8.Mechanical Properties of Solids
hard

A mild steel wire of length $2l$ meter cross-sectional area $A \;m ^2$ is fixed horizontally between two pillars. A small mass $m \;kg$ is suspended from the mid point of the wire. If extension in wire are within elastic limit.
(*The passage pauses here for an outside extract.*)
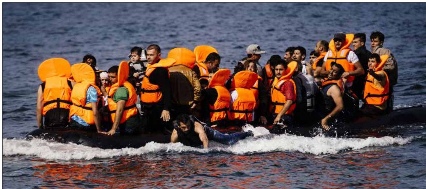
1500 شاب من مدينة الميناء استطاعوا الوصول الى أوروبا

«ما بقى في شباب بطرابلس»، هي العبارة الأكثر تداولاً على السنة الطرابلسيين هذه الايام. يصف الأهالي ما يحصل بـ«الهجرة الأكبر في تاريخ المدينة، بعد حالات الهروب التي رافقت الحرب الأهلية»، فالآلاف يستعدون لمغادرة

Then depression at the mid point of wire will be .............

A

$\left(\frac{M g}{Y A}\right)^{1 / 3}$

B

$\left(\frac{M g}{1 A}\right)^{1 / 3}$

C

$\frac{M g}{2 Y A}$

D

$\left(\frac{M g l^3}{Y A}\right)^{1 / 3}$

Solution

Now, increave in tength $=2 P S-P R$

$=2 \sqrt{l^2+x^2}-2 l$.

$=2\left(\sqrt{\ell^2+x^2}-l\right)$.

$=2 l\left(\sqrt{1+x^2 /l^2}-1\right)$

$\therefore$ strain $=\frac{2 l\left[\sqrt{1+x^2/l^2}-1\right]}{2 l}$

$=\left(1+x^2 / l^2\right)^{1 / 2}-1$

$=1+\frac{1}{2} x^2 / L^2-1=\frac{x^2}{2l^2}$

Now, tension, $T=\frac{m g}{2 \cos \theta}$

$\cos \theta=\frac{x}{\left(1+\frac{x^2}{l^2}\right)^{1 / 2} l}$

$=\frac{x}{\left(1+\frac{1}{2} \frac{x^2}{l^2}\right) l}$

$=x / l(\because l>>x)$

$T=\frac{m g}{2 \cos \theta}$

$=\frac{m g l}{2 x}$

Stress $=T/ A=\frac{2 m g l}{2 A x}$

$y=\frac{m g l / 2 A x}{x^2 / 2 l^2}=\frac{m g l^3}{A x^3}$.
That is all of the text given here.